• Problem description: Your answer should be the lines below from the one with "该新型佐剂利用了cGAS-S" to the one with "李欣鞠 1月15日,在南城百貨錦泰店超市,聯合檢查小組成員檢查超市商品銷售價格。李煜榮 攝", both included, given again exactly and with nothing added.

• Provided data:
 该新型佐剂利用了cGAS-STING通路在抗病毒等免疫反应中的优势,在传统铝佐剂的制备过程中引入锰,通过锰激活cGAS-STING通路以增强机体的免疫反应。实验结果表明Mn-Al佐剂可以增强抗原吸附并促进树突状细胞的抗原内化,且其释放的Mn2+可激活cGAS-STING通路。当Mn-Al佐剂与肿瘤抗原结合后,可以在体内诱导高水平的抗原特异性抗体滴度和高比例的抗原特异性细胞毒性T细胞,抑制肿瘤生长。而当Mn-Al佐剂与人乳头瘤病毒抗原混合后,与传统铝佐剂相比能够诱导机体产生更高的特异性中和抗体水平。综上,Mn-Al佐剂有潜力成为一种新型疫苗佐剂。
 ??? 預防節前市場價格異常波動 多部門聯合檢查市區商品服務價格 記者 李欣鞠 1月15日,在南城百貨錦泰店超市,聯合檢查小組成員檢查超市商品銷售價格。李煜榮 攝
...
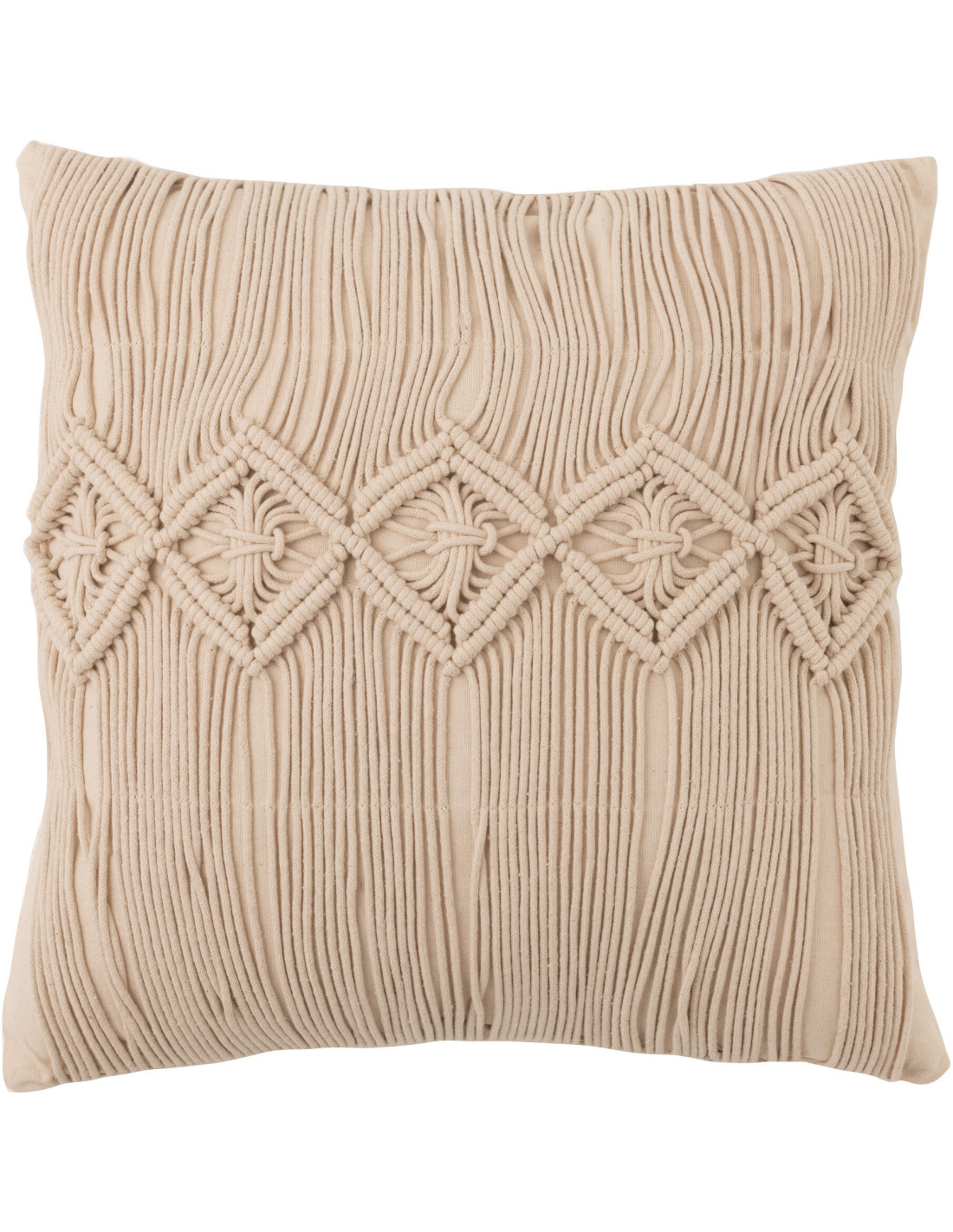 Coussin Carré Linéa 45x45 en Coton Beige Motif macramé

• Task answer:
 该新型佐剂利用了cGAS-STING通路在抗病毒等免疫反应中的优势,在传统铝佐剂的制备过程中引入锰,通过锰激活cGAS-STING通路以增强机体的免疫反应。实验结果表明Mn-Al佐剂可以增强抗原吸附并促进树突状细胞的抗原内化,且其释放的Mn2+可激活cGAS-STING通路。当Mn-Al佐剂与肿瘤抗原结合后,可以在体内诱导高水平的抗原特异性抗体滴度和高比例的抗原特异性细胞毒性T细胞,抑制肿瘤生长。而当Mn-Al佐剂与人乳头瘤病毒抗原混合后,与传统铝佐剂相比能够诱导机体产生更高的特异性中和抗体水平。综上,Mn-Al佐剂有潜力成为一种新型疫苗佐剂。
 ??? 預防節前市場價格異常波動 多部門聯合檢查市區商品服務價格 記者 李欣鞠 1月15日,在南城百貨錦泰店超市,聯合檢查小組成員檢查超市商品銷售價格。李煜榮 攝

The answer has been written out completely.